Unicode
Unicode is a system that assigns numeric codes to writing systems from all over the world.
This page compiles some facts about Unicode that Toaqists may find useful to know.
Unicode vs. UTF-8
Unicode, the standard, dictates (for example) that the character ꝡ is represented by the number 42849, or A761 in hexadecimal.
These "codepoint numbers" are usually written as U+ followed by the hexadecimal number: U+A761.
UTF-8, an encoding, dictates how to encode that number across bytes in a file: it says U+A761 is ea 9d a1
.
There are other encodings of Unicode, but they are not as commonly used. For example, in UTF-16, the encoding of U+A761 is simply a7 61
.
Combining characters and normalization
A letter with a diacritic like é can be represented as a precomposed form (é
U+00E9 latin small letter e with acute) or as a sequence of a base letter and combining characters (e
U+0065 latin small letter e and ◌́
U+0301 combining acute accent).
Unicode text may be normalized to smooth over these differences: either by precomposing everything as much as possible (normalization form C or NFC) or by decomposing everything into combining characters (normalization form D or NFD).

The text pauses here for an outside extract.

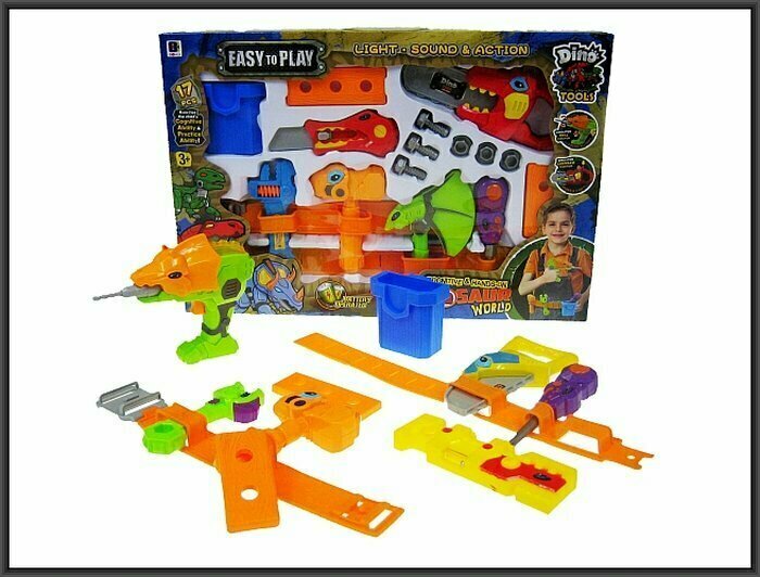 Zestaw 17 plastikowych narzędzi dla małego majsterkowicza.Posiada efekty dźwiękowe i świetlne.Wiele narzędzi zostało stylizowanych na dinozaury. baterie: 4 x AG13 LR44 (w zestawie). Wymiary opakowania: 33,5 x 49,5 x 6,5 cmWiek: 3+ przeczytaj całość

Normalization also pins down the order of combining characters. Underdots come before hats. The string é + underdot
has NFC ẹ + acute
and NFD e + underdot + acute
.
Dotless ı and normalization
The letter í decomposes into i + acute
, not ı + acute
. Placing diacritics on a dotless ı
may produce wrong-looking results. Compare:
Letter | NFC | NFD |
---|---|---|
ı | ı |
ı
|
î | î |
i + circumflex
|
ı̣ | ı + underdot |
ı + underdot
|
ị̂ | ị + circumflex |
i + underdot + circumflex
|
Precomposed tone–underdot combos
Not all Toaq tone–underdot combos have precomposed characters. This table shows precomposed characters in green and NFC forms in red:
a | ạ | ạ́ | ạ̈ | ậ |
---|---|---|---|---|
u | ụ | ụ́ | ụ̈ | ụ̂ |
ı | ı̣ | ị́ | ị̈ | ị̂ |
o | ọ | ọ́ | ọ̈ | ộ |
e | ẹ | ẹ́ | ẹ̈ | ệ |
Paradoxically, depending on the font and operating system, the "abnormal" forms (like é + underdot
) may show up more correctly. They are demonstrated in the table below:
a | ạ | ạ́ | ạ̈ | ậ |
---|---|---|---|---|
u | ụ | ụ́ | ụ̈ | ụ̂ |
ı | ı̣ | ị́ | ị̈ | ị̂ |
o | ọ | ọ́ | ọ̈ | ộ |
e | ẹ | ẹ́ | ẹ̈ | ệ |
(MediaWiki normalizes page contents, meaning that the above table has had to use HTML entities to get the desired effect (e.g. ị́
for ị́). Template:T will do this for you.)